How far in advance do stocks bottom out before earnings do? The readings on the x-axis suggest that this lead time can be around a year or so.
If the earnings recession of 2023 ends up being short and shallow as we expect, it is conceivable that the October 2022 low in S&P 500 price and P/E multiple was in anticipation of trough earnings in 2023.
If that were the case, then we could be in the zone between the red circle and red oval in Figure 4 where stock prices and valuations go up even as earnings go down.

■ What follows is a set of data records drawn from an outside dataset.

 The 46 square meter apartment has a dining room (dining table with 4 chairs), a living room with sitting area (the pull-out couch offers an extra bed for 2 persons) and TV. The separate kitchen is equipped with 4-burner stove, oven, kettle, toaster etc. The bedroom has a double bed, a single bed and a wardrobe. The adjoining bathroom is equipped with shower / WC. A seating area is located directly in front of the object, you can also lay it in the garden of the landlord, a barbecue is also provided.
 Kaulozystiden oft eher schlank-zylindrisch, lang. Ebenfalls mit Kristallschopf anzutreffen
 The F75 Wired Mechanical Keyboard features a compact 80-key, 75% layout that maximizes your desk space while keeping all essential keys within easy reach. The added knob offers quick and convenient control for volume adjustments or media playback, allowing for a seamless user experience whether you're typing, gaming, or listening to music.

We assign a lower probability to a deep economic or earnings recession than the consensus. We believe the market may well have priced any remaining economic or earnings weakness for 2023 through its discounting mechanism.

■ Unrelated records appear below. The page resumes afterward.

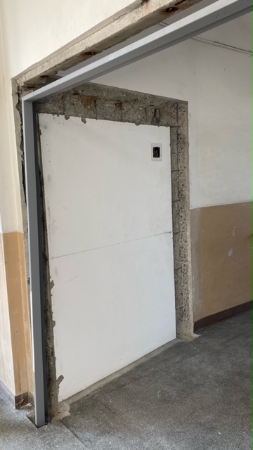 夏休み中に階段の鉄扉を改修しています。壁をくり抜き、2学期までには新たな鉄扉となります。
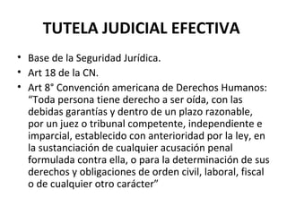 El documento trata sobre la tutela judicial efectiva como base de la seguridad jurídica. Explica que la tutela judicial efectiva garantiza el acceso a la jurisdicción, el respeto al debido proceso y el acceso al cumplimiento de sentencias. También establece límites como la ley previa, la irretroactividad de la ley penal, los jueces naturales y la prohibición de ser obligado a declarar contra sí mismo.
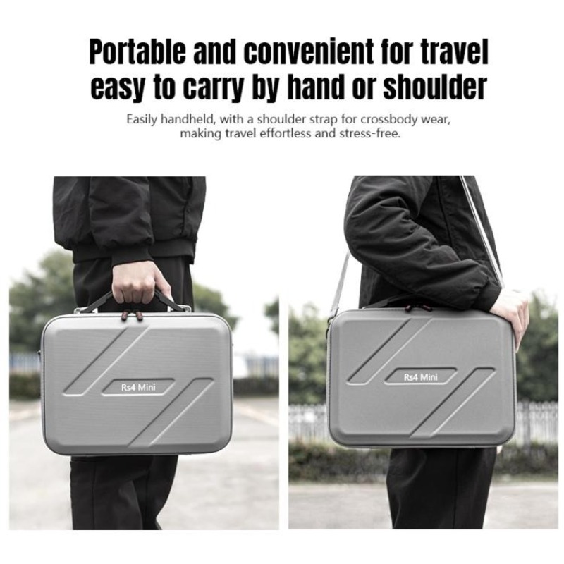 Этот стильный и прочный кейс разработан специально для электронного стабилизатора DJI RS 4 Mini. Он выполнен в универсальном сером цвете и имеет жёсткую формованную конструкцию, которая надёжно защищает оборудование от ударов, сдавливания и внешних воздействий во время транспортировки и хранения.
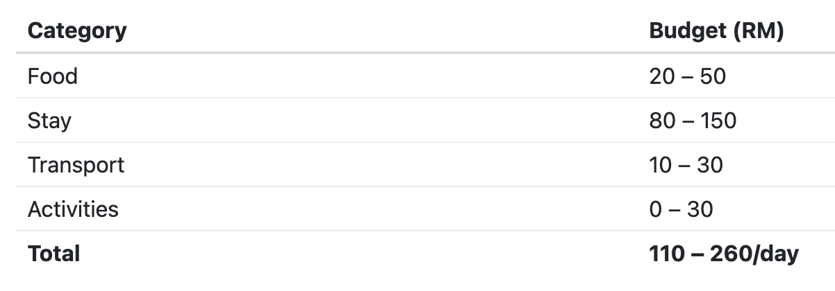 - 🍜 Street food (Char Kway Teow, Laksa): RM6 – RM12
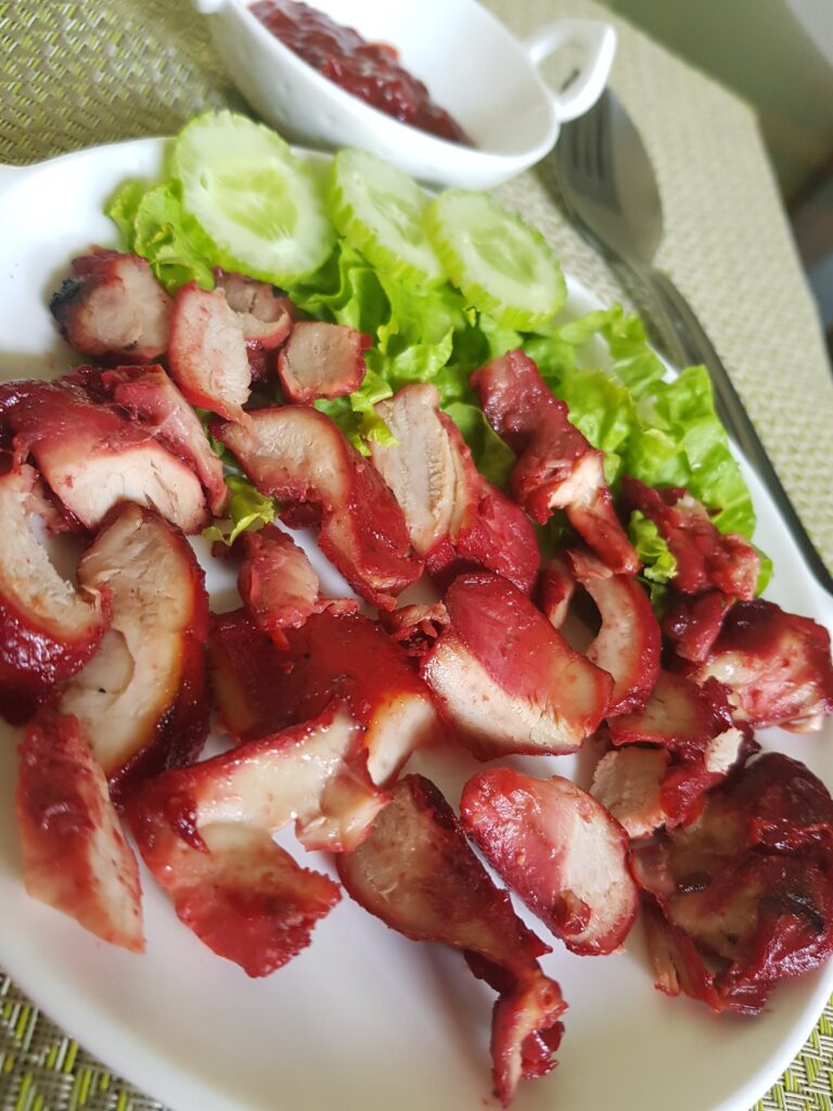 As the name suggests, this is a recipe having slight Chinese origins, with a touch of Indonesia in the form of chilli sambal. A very simple recipe to make and of course eat 😊. It looks very pretty when served. Serve this roast chicken as a starter.
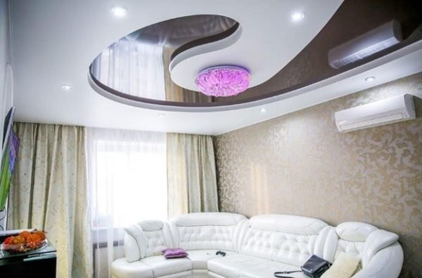 В этом традиционном месте для отдыха и общения с гостями можно монтировать любые натяжные потолки – какие нравятся. Единственное, что стоит учесть заранее: если понравилась зеркальная или глянцевая пленка, подумайте, устроят ли вас блики, которые неизбежно появятся от включенного телевизора, монитора ПК или других устройств.
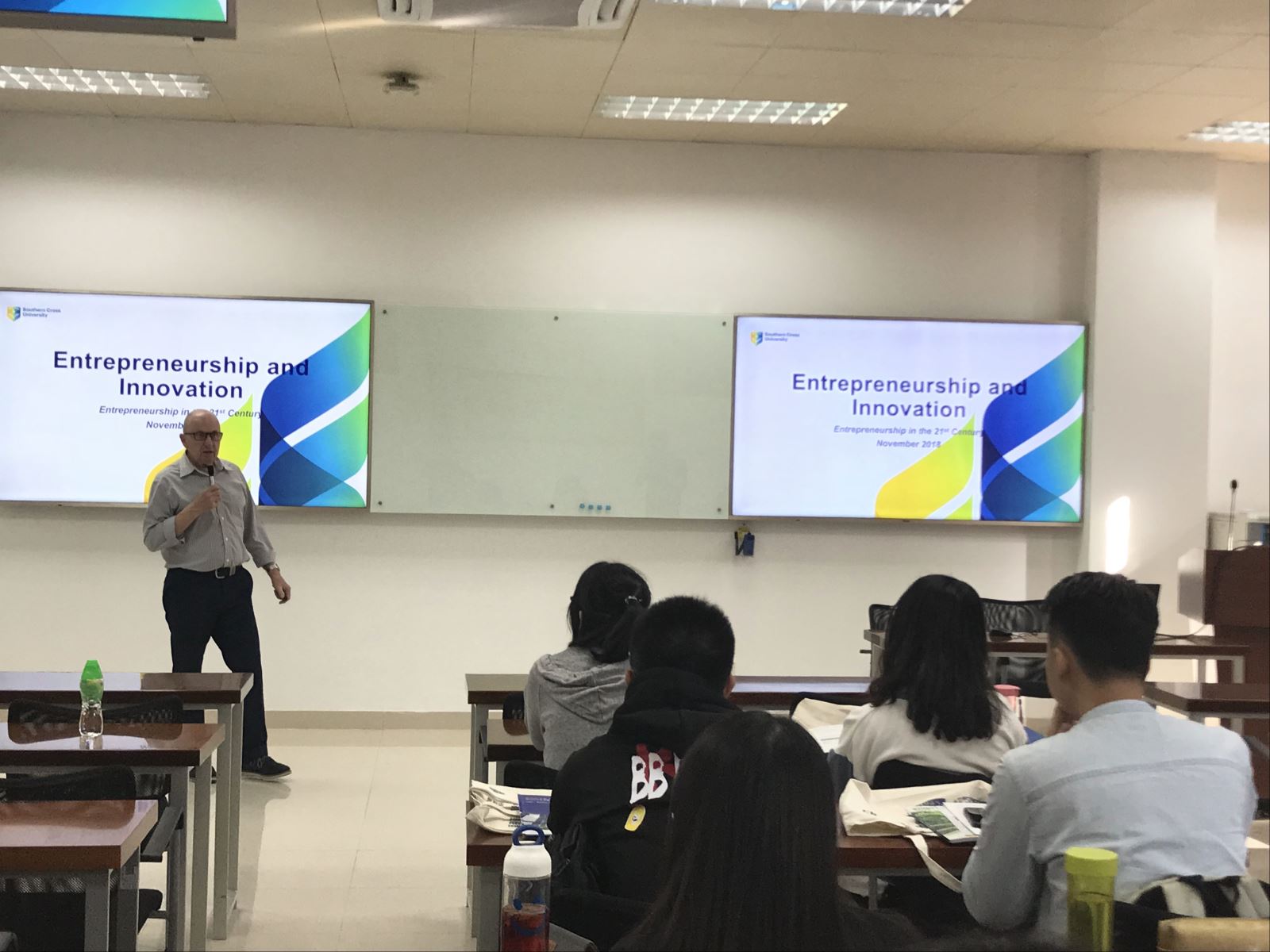 st, 2018, Prof. C H (Kit) Bennetts from Southern Cross University (SCU), Mr. Roger Xu Head of SCU in China and Ms. Tina Wang, visited Business School, accompanied by Xuequan Liao, Director of International Cooperation Department (ICD), Rui Zeng, Vice Director of ICD, and Xiangzhi Bu, Vice Dean of Business School. They held a lecture titled "Entrepreneurship & Innovation" and gave a briefing session of SCU, which attracted many students from Business School and other colleges.
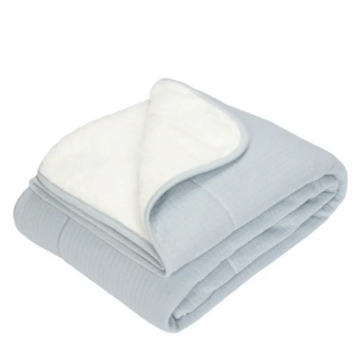 A cradle blanket keeps your little baby at a good temperature. The blanket has a soft jersey fabric on one side and a wonderfully soft teddy fabric on the other. Complete the bed with a cradle sheet and fitted sheet. A cradle blanket is also handy to use in the stroller or as a wrap. This one from the Pure Soft Blue collection has a beautiful, soft blue color that is perfect for combining. You can simply wash it in the washing machine at 30 degrees! It has a TOG value of 3.3.

Bear markets, especially ones that are accompanied by a recession, can be long, painful and a true litmus test of patience and endurance. So here is our economic and market outlook for 2023 and beyond to help investors navigate the second year of this difficult bear market. We believe:
- Services inflation will be less sticky than feared and gradually abate
- Rent inflation will decline in the coming months as lagged effects roll over
- Wage inflation will subside but not all the way down to its pre-Covid levels
- Overall inflation will likely normalize at 2.5% – 3.0% in 18 to 24 months
- A slowing economy and cooling inflation will give the Fed more flexibility than it anticipates
- Greater Fed flexibility will prevent any potential recession from becoming deep and protracted
- The earnings recession will also be short and shallow, in line with a potential economic recession
- Stock prices and price/earnings multiples may have bottomed ahead of the trough in earnings
- Stocks may be impervious to further declines in earnings
- Stocks and bonds will deliver a decent equity risk premium and term premium
- Bonds will provide better diversification than they have in the past
In the midst of high uncertainty, we remain vigilant but also cautiously optimistic. We continue to emphasize portfolio diversification, risk management and high quality investments.
Services inflation may be less sticky than feared and gradually abate.
A slowing economy and cooling inflation may give the Fed more flexibility than it anticipates.